AI: The Elephant In The Room

AI: The Elephant In The Room

by Sarah Fay, March 30, 2017

Earlier this month, I co-moderated a roundtable with about a dozen prominent marketers and influencers from the Bay Area to discuss how AI is fitting into their plans.

AI: The Elephant In The Room

While AI is still in the early stages of deployment for most of these marketers, it is high on their agendas, and they are actively figuring out their next steps.

Marketers at the roundtable — hosted by Oracle’s Data Cloud VP of marketing and partner solutions, Cory Treffiletti, and Digital Ascendant’s CEO and founder, Susan MacDermid — ranged from B2C businesses such as banks and retailers to B2B organizations selling enterprise technology, data, and processing hardware.

Because this forum promised a private discussion for marketers to share their experiences, I am not attaching names to comments, but providing an overview of how the discussion played out.

Conversations among marketers can be useful in generating different perspectives, and this discussion did not disappoint. I was reminded of the Indian fable in which six blind men discover an elephant and try to describe the animal based on which part they have encountered. The first, holding the elephant’s trunk, says, “The elephant is very much like a snake,” while another who touches the leg says, “No, it’s more like the trunk of a tree” and so on. The point of the story is that the elephant is something much larger and different than each of its collective parts, which takes further discovery to understand.

Like the elephant, AI is big — much bigger than most people realize – and its various parts will come together in a holistic way that eventually will make sense in the marketing process. But marketers typically tackle one new thing at a time, so they seek to identify the most meaningful way AI can be used in the short term to improve business, and will work their way up to incorporating more. This is the natural order of technology adoption, and it doesn’t happen overnight.

It was interesting to hear about the different paths each marketer planned as their first foray into AI. The B2C marketers seemed inclined to view AI first as an extension of customer service, and several were making plans to use chatbots to provide Web site assistance, answering frequently asked questions such as “Where is my order?” Marketers agreed that AI would help to elevate best practices in customer service, but there was some skepticism that significant ROI would result.

Discussion turned to ways AI could make a giant impact on revenues if applied to the core business model.
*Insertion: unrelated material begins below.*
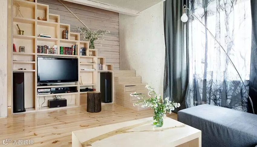 楼梯下的空间打造成兼具收纳与视听功能的电视背景墙

An example of this thinking: Stitchfix.com is a retail disrupter that provides an AI-based personal shopping service. This approach leverages data along with user preferences to provide product recommendations that become more relevant over time. This led to a discussion of how consumers will increasingly expect services that understand them and predict their likes and dislikes, providing a friction-free environment that anticipates wants and needs.

A prominent B2B marketer countered that chatbots were well down his list of marketing initiatives, as he does not believe they will move the needle for his business in the near term. When he thinks of AI, his interest lies in using advanced algorithms that tap new data sets to achieve breakthrough results. The big question in his mind was, “How can I be sure the data is of a high quality?” (By the way, Mike Azzara wrote a column earlier this month about an AI-based data access platform called Narrative.io that will help answer this kind of question.)

Another B2B marketer said that his company’s key to survival will be in collecting and making sense of data. We touched on myriad ways AI will leverage data to make faster and more efficient decisions, including the prediction of “next best customer,” omnichannel targeting, dynamic creative delivery, etc — all ways to better target and recognize customers with relevant messaging and content.

Most in the room felt the need for a different mix of talent. At least one progressive marketer had reorganized the marketing function at her company to include more data scientists, in order to implement the company’s “personalization engine,” which gathers and uses data to understand and communicate with customers and prospects.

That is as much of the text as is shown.